- VCD cover
- Directed by: Nagaraj
- Written by: Nagaraj
- Produced by: R. Lavanya
- Starring: Murali Suvalakshmi
- Cinematography: Abdul Rahman
- Edited by: K. Palanivel
- Music by: Oviyan
- Production company: Mother Movie Makers
- Release date: 14 February 1998;
- Country: India
- Language: Tamil

= Dhinamdhorum =

Dhinamdhorum is a 1998 Indian Tamil-language romantic drama film written and directed by Nagaraj in his debut. The film stars Murali and Suvalakshmi.

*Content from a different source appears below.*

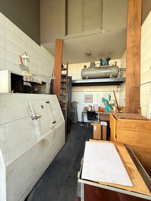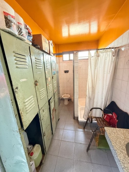 En planta alta se encuentran los vestuarios para el personal, oficina privada, amplia con baño, aire acondicionado y camaras de seguridad. Otro espacio de guardado y vestuario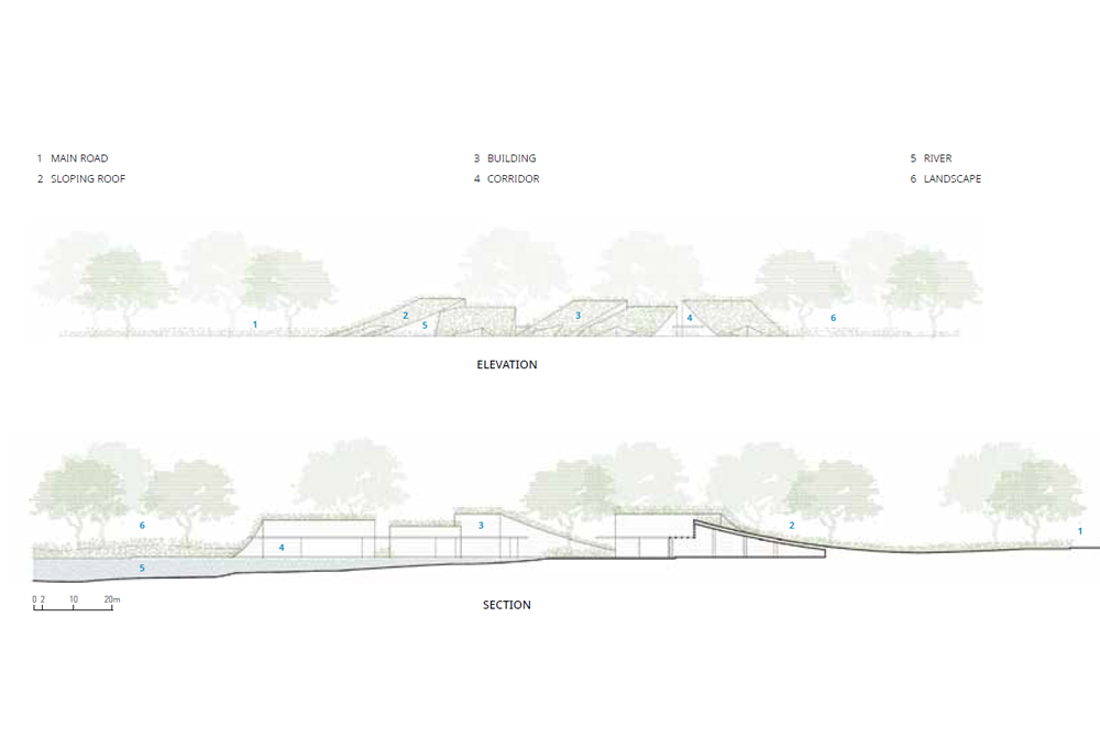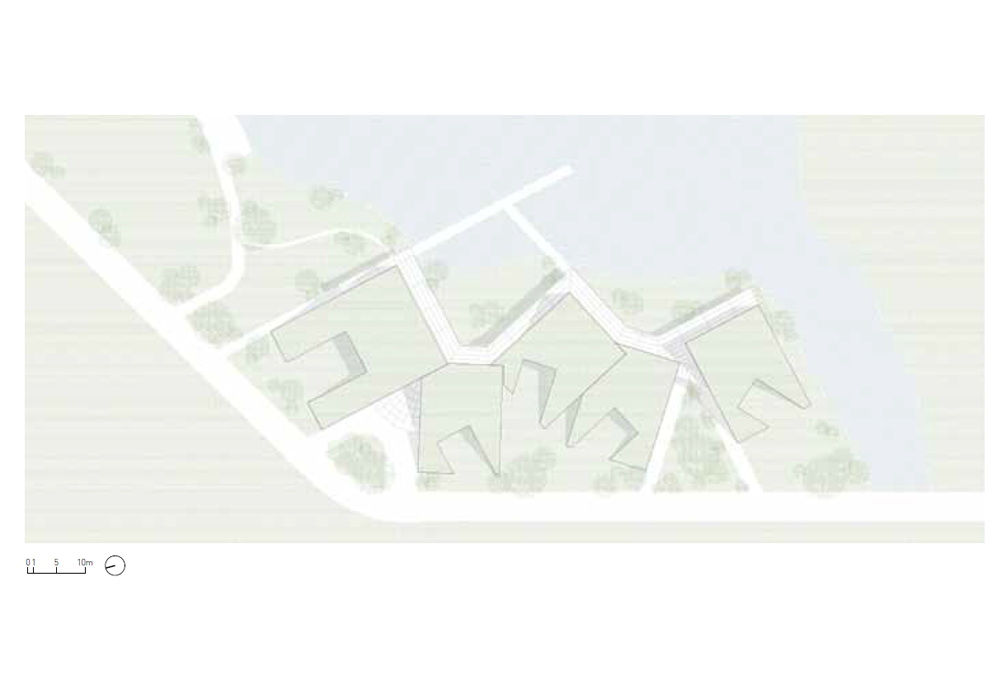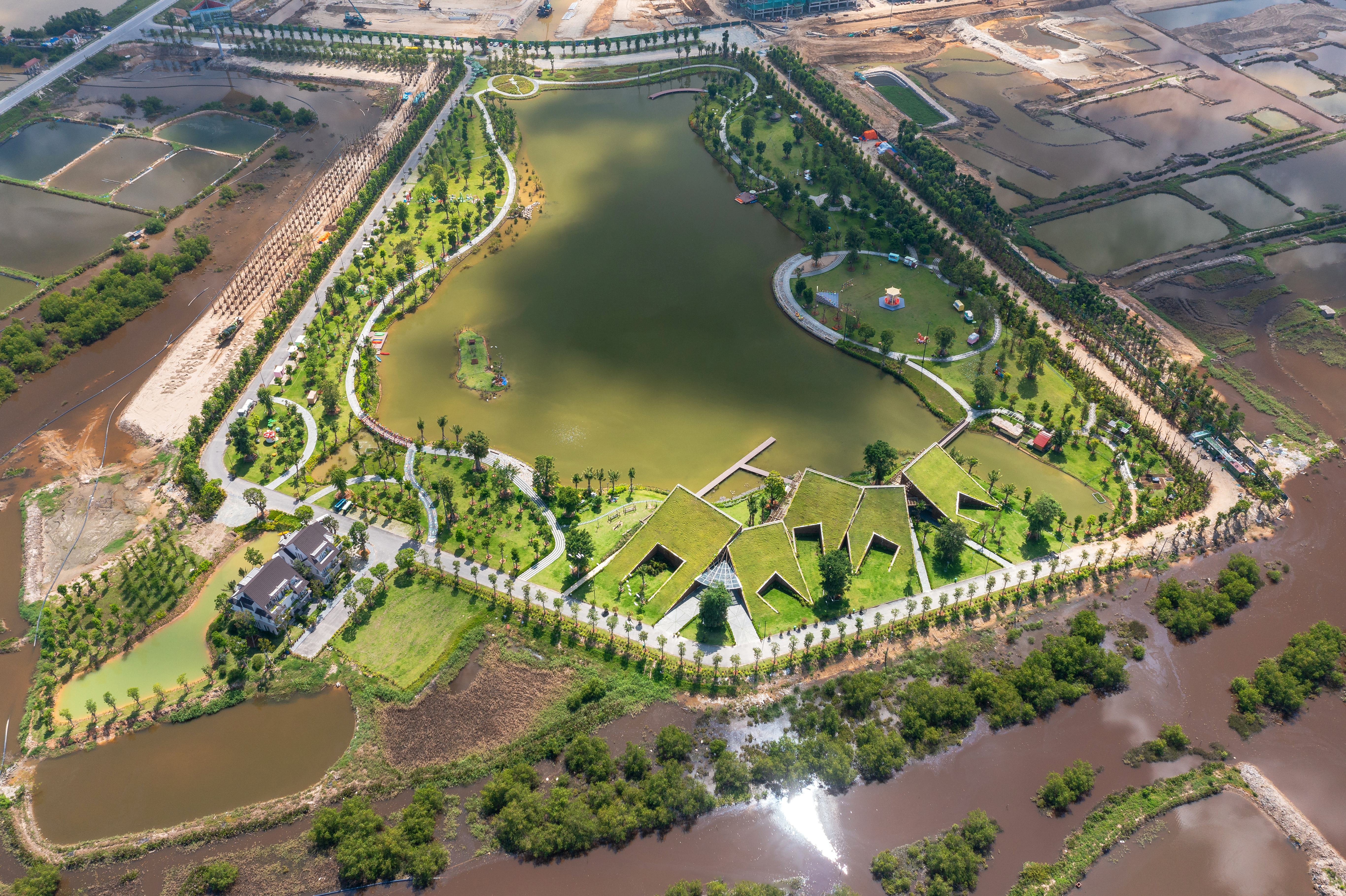 더 파크의 건물은 기능적인 영역을 섬세하게 확장하고 호수를 향해 시야를 두었고, 건축 블록 사이의 정교한 상호 작용을 통해 건물의 배치를 결정했다. 언덕 위 정원에는 열린 공간을 도입하여 열대 지방의 건축물에서 느낄 수 있는 자연적인 환경과 맑은 공기를 경험할 수 있게 했다. 조각적인 파사드는 건물의 미학을 향상시키는 중요한 특징이 되며, 인접한 호수 표면의 빛 반사와 결합되어 밤 시간에 매혹적인 느낌을 자아내는 랜턴과도 같은 이미지를 준다. 이러한 점을 통해 주변의 야간 조명 문제를 해결할 뿐만 아니라, 낮 시간의 햇빛으로 인한 눈부심을 2/3 정도 완화시킬 수 있다. 이러한 주변 경관과 건축에 대한 사려 깊은 융합을 통해 지역 사회와 도시 환경에 의미 있는 독특한 공간을 제공한다.

It was released on 14 February 1998. The film was remade in Telugu as Manasichi Choodu.

== Soundtrack ==
Soundtrack was composed by Oviyan.

Track listing
| No. | Title | Singer(s) | Length |
|---|---|---|---|
| 1. | "Devadhai" | Mano, Chorus |  |
| 2. | "En Vanam Needhana" | S. P. Balasubrahmanyam, Shenoy Balesh |  |
| 3. | "Nenjathil" | P. Unnikrishnan, Anuradha Sriram |  |
| 4. | "O Kannukkul" | Unnikrishnan, Swarnalatha |  |
| 5. | "Pattadhari" | Shiva, Febi Mani |  |
| 6. | "Pesathae" | Oviyan |  |
| 7. | "Pookkal Malaruthu" | Gopal Sharma, Febi Mani |  |

== Release and reception ==
Dhinamdhorum was released on 14 February 1998. A critic from Dinakaran noted "this is one of the very rare and good films among recent releases in Tamil". D. S. Ramanujam of The Hindu wrote, "Nagaraj, with his biting, down-to-earth dialogue, is bound to earn the encomiums of the viewers [...] Here the director is the fast-talking, trouble-shooting friend of the hero and his screenplay, based on his story, has appreciable narrative values". He also appreciated the cinematography.

== Legacy ==
The success of the film prompted the director to add Dhinamdhorum as a prefix to his industry name. Despite the strong performance of the film, Nagaraj found it difficult to establish his career as a director and several of his later films including Vinnai Thoduvom, with the same cast, during 1998 were cancelled.